İman, lûgatta bir şeye inanmak, bir şeyi tasdik etmek, “Bu şey böyledir, şöyledir” diye hükmetmektir. Dini anlamda ise: “Allah’ın dinini kalpten kabul etmek, yani Allah Rasulü’nün (s.a.v.) getirdiği şeyleri kesin bir şekilde kalpten tasdik edip dil ile ikrar etmek, söylemektir.”

İman aslında tasdikten ibarettir. Fakat böyle inanıp kalpten samimi olarak tasdik edilen şeyleri bir engel olmadığında dil ile ikrar etmek, bunların hakkında şehâdette bulunmak, kelime-i şehâdeti açıkça söylemek lazımdır. Çünkü bir kimse Allah-û Teâla’yı ve diğer iman edilecek esasları kalpten tasdik ettiği halde, dili ile ikrar etmezse durumu insanlar bakımından meçhul kalır. Onun müslüman olduğuna hükmedilemez. Aklen kabul, zihnen tasdik edilen ilahi gerçekler kalben de tasdik edilmezse gerçek bir iman meydana gelmez.

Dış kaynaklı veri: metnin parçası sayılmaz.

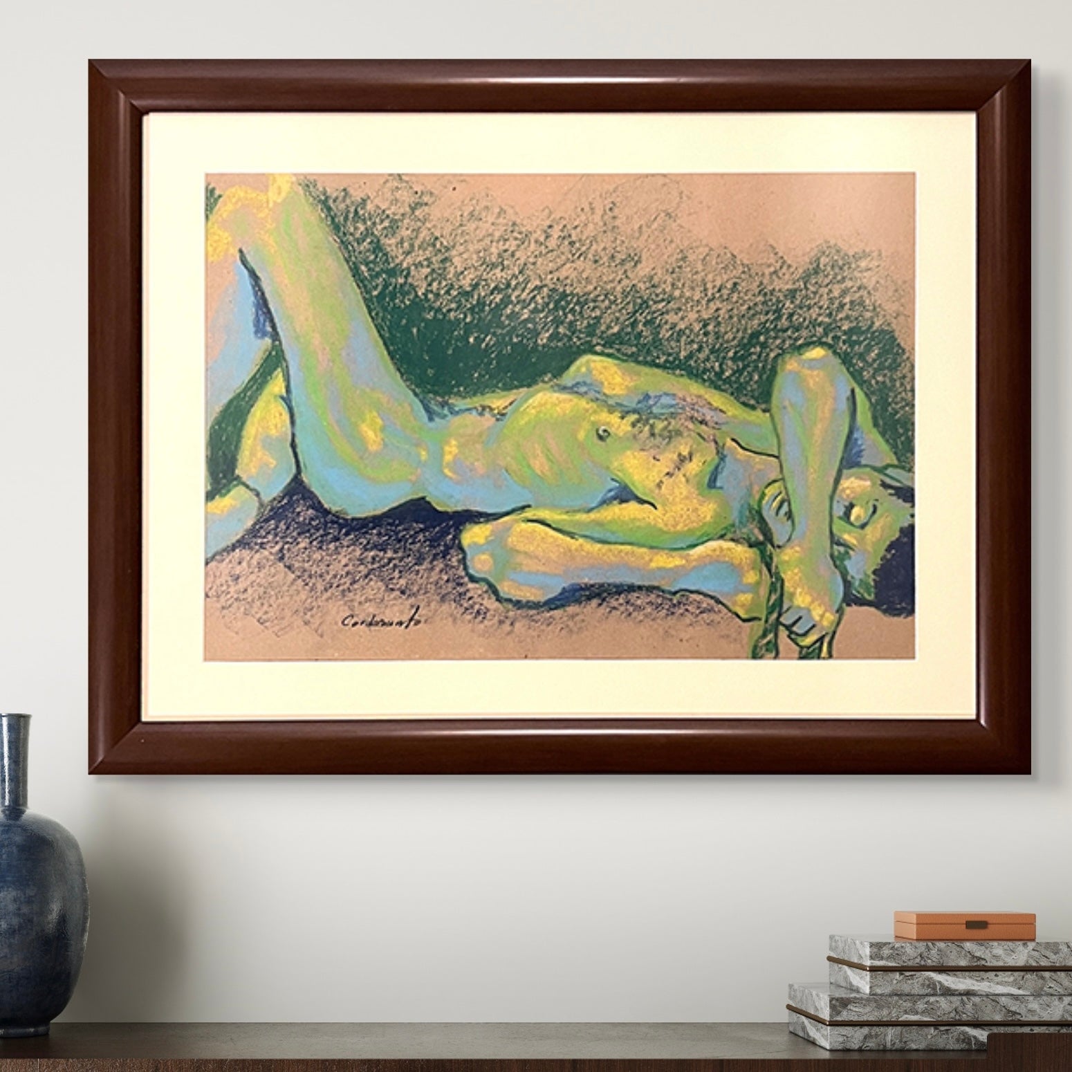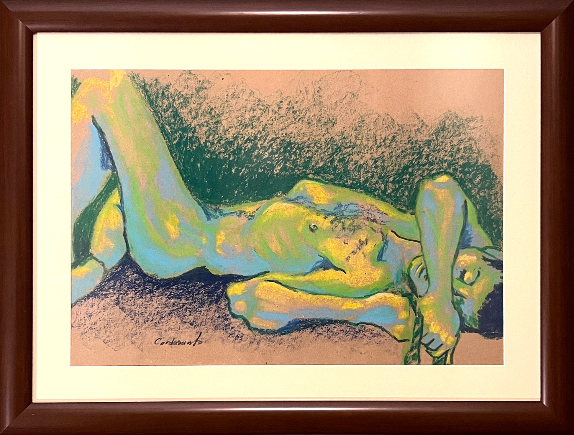 La obra muestra coloridos contrastes que construyen anatomía humana resaltando el volumen y la belleza del cuerpo humano por medio de sesiones con modelo desnudo.

İman kalbe yerleşmedikçe de amele dönüşmez, davranışlara istikamet veremez. En önemlisi Allâh-û Teâla katında hiçbir kıymeti olmaz. Bu yüzden iman hususunda sadece bilmek ve doğru olduğuna inanmak yeterli değil, aksine tasdik ve iz’an (anlama yeteneği) gereklidir. Zira Allâh-û Teâla şöyle buyurur; “Kendilerine kitap verdiklerimiz O’nu oğullarını tanıdıkları gibi tanırlar. Böyle iken içlerinden bir takımı bile bile gerçeği gizlerler.”(3) Demek ki sadece bir şeyin doğru olduğunu bilmek, ona inanmak ve teslim olmak anlamına gelmez.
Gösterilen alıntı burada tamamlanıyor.